Je ne vais pas y aller par quatre chemins, j’ai un peu foiré mon voyage à Rome, à Noël. Je retrouvais l’Italie après quelques années passées loin d’elle, et je n’y étais pas. Si vous avez suivi un peu mes voyages, notamment celui en Indonésie, vous savez que je ne suis pas un grand globe-trotter, même si des incursions inespérées à la Réunion ou en Guadeloupe ont fait beaucoup pour ouvrir mes représentations du monde. Alors Rome, oui, la ville n’y est pour rien : impressionnante dans son architecture et la compression de ses strates historiques, même si on a parfois l’impression d’être N°6 dans le village du Prisonnier, l’urbs a de beaux restes, le Colisée, le Mont Palatin (surtout), ses rues et ses bâtiments aux couleurs de l’automne…
Alors, il faisait un peu froid, c’est vrai, mais l’Italie où je passais tous les étés de 1976 à 1989 ne m’a pas sauté au visage. Je n’ai pas fait de liste de magasins de disques, j’ai même renoncé à aller au bas de l’immeuble de l’appartement aux 17 chambres, désormais vendu, d’Ennio Morricone. Tout était un peu trop gris, bitume, voiture, pluie, vent. Comme ce moment de solitude au milieu de la place Saint Pierre devant l’écran géant avec le Pape et la messe de Noël, le soir du 24 décembre. L’endroit était aux deux tiers vide. Mais où sont passés les croyants ?

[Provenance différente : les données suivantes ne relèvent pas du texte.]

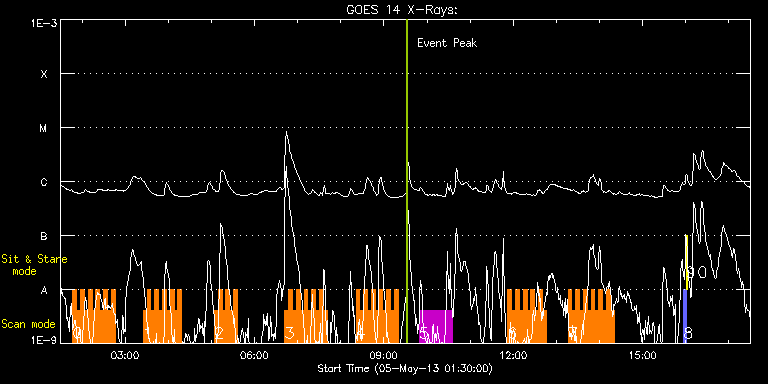EIS Observation timeline overlay to GOES-Xray curve Code 1" 2" 40" 266" EIS Observations list for this event: STUDY ACRONYM ID DATE OBSERVED DESCRIPTION NOAA# TARGET 0 HH_Flare+AR_180x152H | 33481 | 2013/05/05 01:47:13 | Flare hunting. AR11731. | 1731 | Flare TIMELINE ID DATE OBSERVED FITS FILE XCEN (+W/-E) YCEN (+N/-S) DUR ----------------------------------------------------------------------------------------------------------------- 33481 | 2013/05/05 01:47:13.000 | eis_l0_20130505_014713.fits.gz | 787.15 | 189.48 | 5m18s 33481 | 2013/05/05 01:52:34.000 | eis_l0_20130505_015234.fits.gz | 787.54 | 189.63 | 5m17s 33481 | 2013/05/05 01:57:54.000 | eis_l0_20130505_015754.fits.gz | 788.00 | 189.55 | 5m18s 33481 | 2013/05/05 02:03:15.000 | eis_l0_20130505_020315.fits.gz | 788.47 | 189.24 | 5m18s 33481 | 2013/05/05 02:08:36.000 | eis_l0_20130505_020836.fits.gz | 788.93 | 189.24 | 5m19s 33481 | 2013/05/05 02:13:58.000 | eis_l0_20130505_021358.fits.gz | 789.39 | 189.17 | 5m18s 33481 | 2013/05/05 02:19:18.000 | eis_l0_20130505_021918.fits.gz | 789.78 | 189.09 | 5m18s 33481 | 2013/05/05 02:24:39.000 | eis_l0_20130505_022439.fits.gz | 790.24 | 189.17 | 5m18s 33481 | 2013/05/05 02:29:59.000 | eis_l0_20130505_022959.fits.gz | 790.55 | 189.09 | 5m19s 33481 | 2013/05/05 02:35:21.000 | eis_l0_20130505_023521.fits.gz | 791.02 | 189.01 | 5m17s 33481 | 2013/05/05 02:40:41.000 | eis_l0_20130505_024041.fits.gz | 791.48 | 189.17 | 5m19s 1 HH_Flare+AR_180x152H | 33482 | 2013/05/05 03:25:13 | Flare hunting. AR11731. | 1731 | Flare TIMELINE ID DATE OBSERVED FITS FILE XCEN (+W/-E) YCEN (+N/-S) DUR ----------------------------------------------------------------------------------------------------------------- 33482 | 2013/05/05 03:25:13.000 | eis_l0_20130505_032513.fits.gz | 795.03 | 188.70 | 5m19s 33482 | 2013/05/05 03:30:35.000 | eis_l0_20130505_033035.fits.gz | 795.50 | 188.70 | 5m18s 33482 | 2013/05/05 03:35:55.000 | eis_l0_20130505_033555.fits.gz | 795.88 | 188.63 | 5m19s 33482 | 2013/05/05 03:41:16.000 | eis_l0_20130505_034116.fits.gz | 796.35 | 188.47 | 5m19s 33482 | 2013/05/05 03:46:37.000 | eis_l0_20130505_034637.fits.gz | 796.73 | 188.32 | 5m18s 33482 | 2013/05/05 03:51:58.000 | eis_l0_20130505_035158.fits.gz | 797.12 | 188.39 | 5m19s 33482 | 2013/05/05 03:57:20.000 | eis_l0_20130505_035720.fits.gz | 797.58 | 188.16 | 5m17s 33482 | 2013/05/05 04:02:40.000 | eis_l0_20130505_040240.fits.gz | 797.97 | 188.24 | 5m17s 33482 | 2013/05/05 04:08:00.000 | eis_l0_20130505_040800.fits.gz | 798.43 | 188.32 | 5m18s 33482 | 2013/05/05 04:13:21.000 | eis_l0_20130505_041321.fits.gz | 798.82 | 188.24 | 5m18s 2 HH_Flare+AR_180x152H | 33483 | 2013/05/05 05:04:13 | Flare hunting. AR11731. | 1731 | Flare TIMELINE ID DATE OBSERVED FITS FILE XCEN (+W/-E) YCEN (+N/-S) DUR ----------------------------------------------------------------------------------------------------------------- 33483 | 2013/05/05 05:04:13.000 | eis_l0_20130505_050413.fits.gz | 802.84 | 187.62 | 5m18s 33483 | 2013/05/05 05:09:34.000 | eis_l0_20130505_050934.fits.gz | 803.22 | 187.62 | 5m18s 33483 | 2013/05/05 05:14:55.000 | eis_l0_20130505_051455.fits.gz | 803.68 | 187.62 | 5m17s 33483 | 2013/05/05 05:20:15.000 | eis_l0_20130505_052015.fits.gz | 804.07 | 187.54 | 5m18s 33483 | 2013/05/05 05:25:35.000 | eis_l0_20130505_052535.fits.gz | 804.53 | 187.47 | 5m19s 33483 | 2013/05/05 05:30:56.000 | eis_l0_20130505_053056.fits.gz | 804.84 | 187.31 | 5m18s 3 HH_Flare+AR_180x152H | 33484 | 2013/05/05 06:42:14 | Flare hunting. AR11731. | 1731 | Flare TIMELINE ID DATE OBSERVED FITS FILE XCEN (+W/-E) YCEN (+N/-S) DUR ----------------------------------------------------------------------------------------------------------------- 33484 | 2013/05/05 06:42:14.000 | eis_l0_20130505_064214.fits.gz | 810.25 | 186.85 | 5m18s 33484 | 2013/05/05 06:47:35.000 | eis_l0_20130505_064735.fits.gz | 810.64 | 186.77 | 5m18s 33484 | 2013/05/05 06:52:56.000 | eis_l0_20130505_065256.fits.gz | 811.10 | 186.77 | 5m19s 33484 | 2013/05/05 06:58:17.000 | eis_l0_20130505_065817.fits.gz | 811.56 | 186.70 | 5m18s 33484 | 2013/05/05 07:03:38.000 | eis_l0_20130505_070338.fits.gz | 811.95 | 186.54 | 5m18s 33484 | 2013/05/05 07:08:58.000 | eis_l0_20130505_070858.fits.gz | 812.34 | 186.54 | 5m18s 33484 | 2013/05/05 07:14:19.000 | eis_l0_20130505_071419.fits.gz | 812.72 | 186.39 | 5m18s 33484 | 2013/05/05 07:19:39.000 | eis_l0_20130505_071939.fits.gz | 813.11 | 186.39 | 5m18s 33484 | 2013/05/05 07:25:00.000 | eis_l0_20130505_072500.fits.gz | 813.49 | 186.39 | 5m18s 33484 | 2013/05/05 07:30:21.000 | eis_l0_20130505_073021.fits.gz | 813.88 | 186.23 | 5m17s 33484 | 2013/05/05 07:35:41.000 | eis_l0_20130505_073541.fits.gz | 814.34 | 186.23 | 5m17s 4 HH_Flare+AR_180x152H | 33485 | 2013/05/05 08:21:13 | Flare hunting. AR11731. | 1731 | Flare TIMELINE ID DATE OBSERVED FITS FILE XCEN (+W/-E) YCEN (+N/-S) DUR ----------------------------------------------------------------------------------------------------------------- 33485 | 2013/05/05 08:21:13.000 | eis_l0_20130505_082113.fits.gz | 817.59 | 185.69 | 5m18s 33485 | 2013/05/05 08:26:34.000 | eis_l0_20130505_082634.fits.gz | 817.98 | 185.92 | 5m18s 33485 | 2013/05/05 08:31:55.000 | eis_l0_20130505_083155.fits.gz | 818.59 | 185.69 | 5m17s 33485 | 2013/05/05 08:37:15.000 | eis_l0_20130505_083715.fits.gz | 818.90 | 185.61 | 5m17s 33485 | 2013/05/05 08:42:35.000 | eis_l0_20130505_084235.fits.gz | 819.21 | 185.54 | 5m18s 33485 | 2013/05/05 08:47:56.000 | eis_l0_20130505_084756.fits.gz | 819.60 | 185.54 | 5m18s 33485 | 2013/05/05 08:53:17.000 | eis_l0_20130505_085317.fits.gz | 819.98 | 185.54 | 5m19s 33485 | 2013/05/05 08:58:38.000 | eis_l0_20130505_085838.fits.gz | 820.45 | 185.38 | 5m18s 33485 | 2013/05/05 09:03:59.000 | eis_l0_20130505_090359.fits.gz | 820.83 | 185.54 | 5m18s 33485 | 2013/05/05 09:09:20.000 | eis_l0_20130505_090920.fits.gz | 821.14 | 185.30 | 5m18s 33485 | 2013/05/05 09:14:41.000 | eis_l0_20130505_091441.fits.gz | 821.61 | 185.30 | 5m18s 5 HPW

Et puis comme un rayon de soleil venu du nord-est du pays, une petite musique m’est revenue en tête. Un disque du début de l’adolescence celui-là, 1986, en provenance des plages de Rimini et de Cervia. Ramené à l’appartement de location – la crise avait fait son œuvre, la période hôtels de luxe était terminées – par le grand frère, ce 33 tours moche (la couverture représente un bébé coiffé punk qui hurle devant un micro sur un fond rouge-rose) est la bande-son de l’été 86, ou 87, le temps qu’on découvre.
Coincé entre l’italo-disco et les chanteurs populaires des années 1970, plus sérieux, plus complexes (Baglioni, Battiato, Dalla), Zucchero Fornaciari était le local de l’étape Emilie Romagne, bon et chaud comme la piadine, cette sorte de crêpe de pain cuite, vendue dans des maisonnettes de bord de la plage aux touristes quittant les lieux en fin de journée. Ce disque, son deuxième en solo si on a bien suivi, donne une musique modeste pleine d’âme et de mélodies catchy. Une version méditerranéenne de la soul. On connait l’amour de l’italien pour le drama, Zucchero fait ça, il chante toujours à la limite de la casse, caressant un R&B, un funk gauchement emballé.Ça s’écoute tranquillement, c’est sympa comme une sieste sur un lettino, les yeux protégés par le pare-soleil intégré, le sable qui gratte sur le revêtement synthétique de chaise longue réglable, les rouleaux de l’Adriatique, jamais trop méchante, à quelques mètres. Cervia, toujours, comme dans le clip de Phoenix, « Goodbye Soleil », c’est exactement ça. Ballades, slow tire-larmes (« Come Il Sole All’ Improvviso »), petit funk bancal (« Rispetto », la chanson), chœurs gospel, couplets émotions, tout s’emboite jusqu’à l’avant dernière chanson « Canzone Triste (Canzone d’amore) » brise-cœur, et devenu hymne imparable des verts patûrages de la famille Sachetto en Italie (j’italianisais mon nom sur la plage pour mes amis italiens, ou alors si c’était trop compliqué, on me baptisait Pierre Cardin, plus classe).
Si on dézoome un peu, Zucchero proposait sa version du funk à yeux bleus, ce fantasme de musique noir, qu’on trouvait aussi à Glasgow (Hipsway, Deacon Blue, Texas) à l’époque, et en Angleterre avec Paul Young qui, quelques années plus tard en 1991, aidera l’Italien à toucher le jackpot international avec une scie monumentale, « Senza Una Donna », et sans moi, coincé dans Rispetto, pour toujours.